The king described in Herodotus displays many traits similar to the king in Esther. While it might be suggested that such traits could be used to describe almost any ancient king, the facts remain that the same man is described the same way in the two separate ancient accounts.


To date, the Persian period in the ancient Near East is not as well known as even earlier periods. The international conflicts in that region since 1979 have greatly inhibited archaeological excavations in both Iran and Iraq. In Iran (modern Persia), policies of the present government indicate little enthusiasm for such prospects in the near future.

Biblical connections to both Iran and the Persian period are also minimal and have not progressed greatly in recent decades. Over the years I have come to appreciate the message of Esther. The Baltimore Running Festival has also encouraged me to appreciate the historical context of the book of Esther even more.

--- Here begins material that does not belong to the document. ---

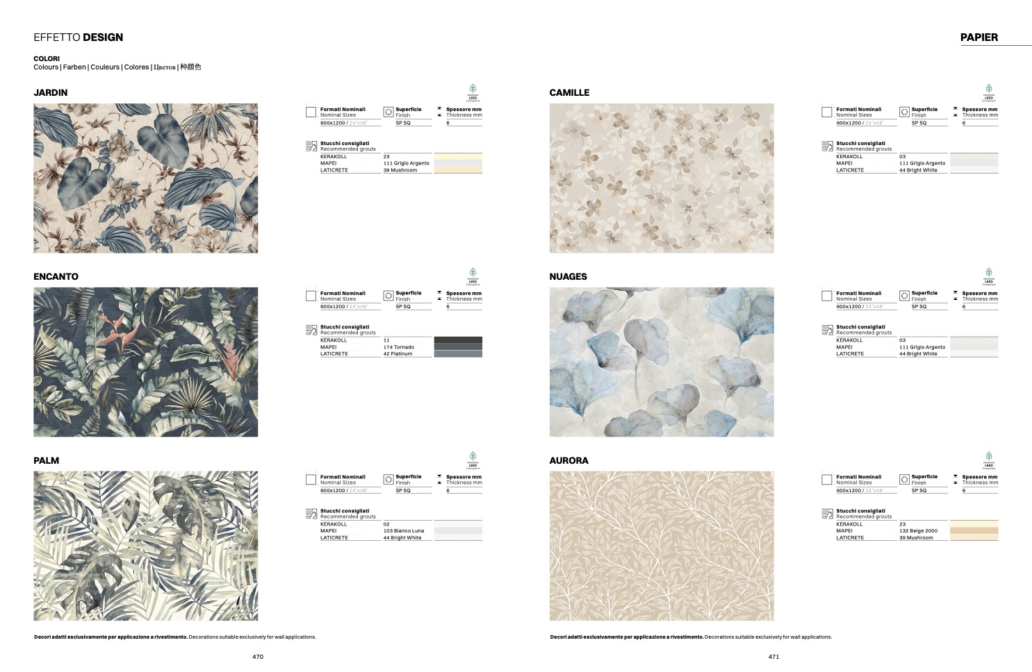 Decori adatti esclusivamente per applicazione a rivestimento. Decorations suitable exclusively for wall applications.

Herodotus. 1942 The Persian Wars. Translated by George Rawlinson, (New York: Random House).

Herodotus. 1972 The Histories. Translated by Aubrey de Selincourt, (Baltimore: Penguin).

Spartathlon. Accessed 10/30/10

Yamauchi, Edwin M. 1996 Persia and the Bible. Grand Rapids, MI: Baker).

* For the sake of identification of paragraphs, the edition of Herodotus referenced in this article was Herodotus: the Persian Wars translated by George Rawlinson Random House: New York 1942.